DATA BELOW:
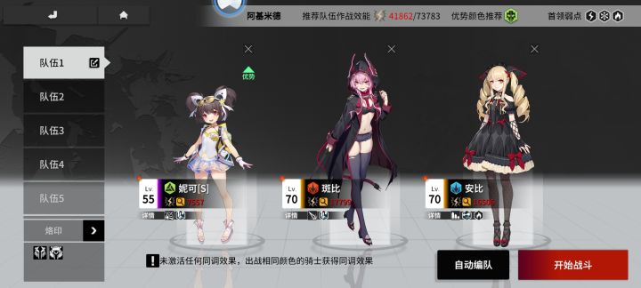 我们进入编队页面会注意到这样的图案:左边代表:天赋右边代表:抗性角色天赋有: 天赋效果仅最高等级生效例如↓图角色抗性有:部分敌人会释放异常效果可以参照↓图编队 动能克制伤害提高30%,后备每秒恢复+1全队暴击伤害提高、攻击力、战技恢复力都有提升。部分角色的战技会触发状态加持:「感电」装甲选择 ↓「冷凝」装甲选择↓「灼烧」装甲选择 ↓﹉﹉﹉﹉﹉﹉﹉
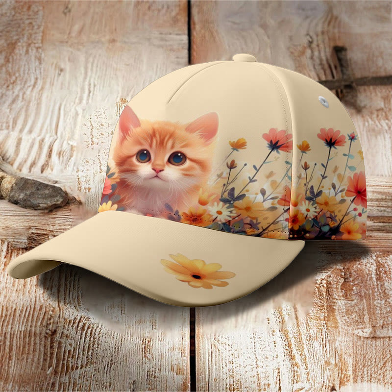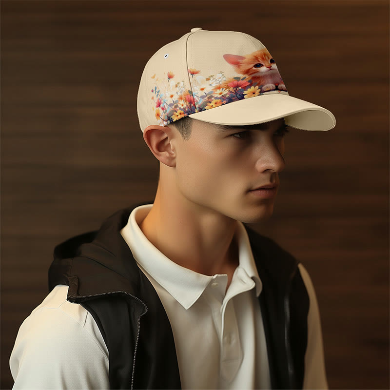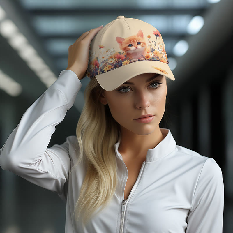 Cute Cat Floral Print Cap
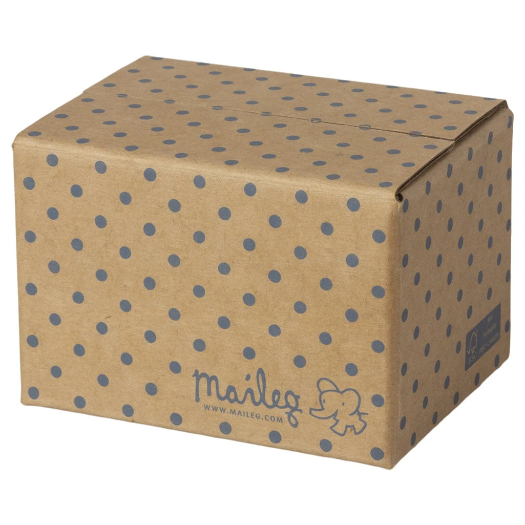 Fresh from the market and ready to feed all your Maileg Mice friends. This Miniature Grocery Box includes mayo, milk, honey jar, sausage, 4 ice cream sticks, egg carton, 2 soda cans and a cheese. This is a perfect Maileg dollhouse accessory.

WORK ITEM: Would you please reproduce verbatim the run of lines that opens the listing and ends with the line holding "Cute Cat Floral Print Cap", and only that run, leaving every picture out?

FINISHED EXERCISE:
 我们进入编队页面会注意到这样的图案:左边代表:天赋右边代表:抗性角色天赋有: 天赋效果仅最高等级生效例如↓图角色抗性有:部分敌人会释放异常效果可以参照↓图编队 动能克制伤害提高30%,后备每秒恢复+1全队暴击伤害提高、攻击力、战技恢复力都有提升。部分角色的战技会触发状态加持:「感电」装甲选择 ↓「冷凝」装甲选择↓「灼烧」装甲选择 ↓﹉﹉﹉﹉﹉﹉﹉
 Cute Cat Floral Print Cap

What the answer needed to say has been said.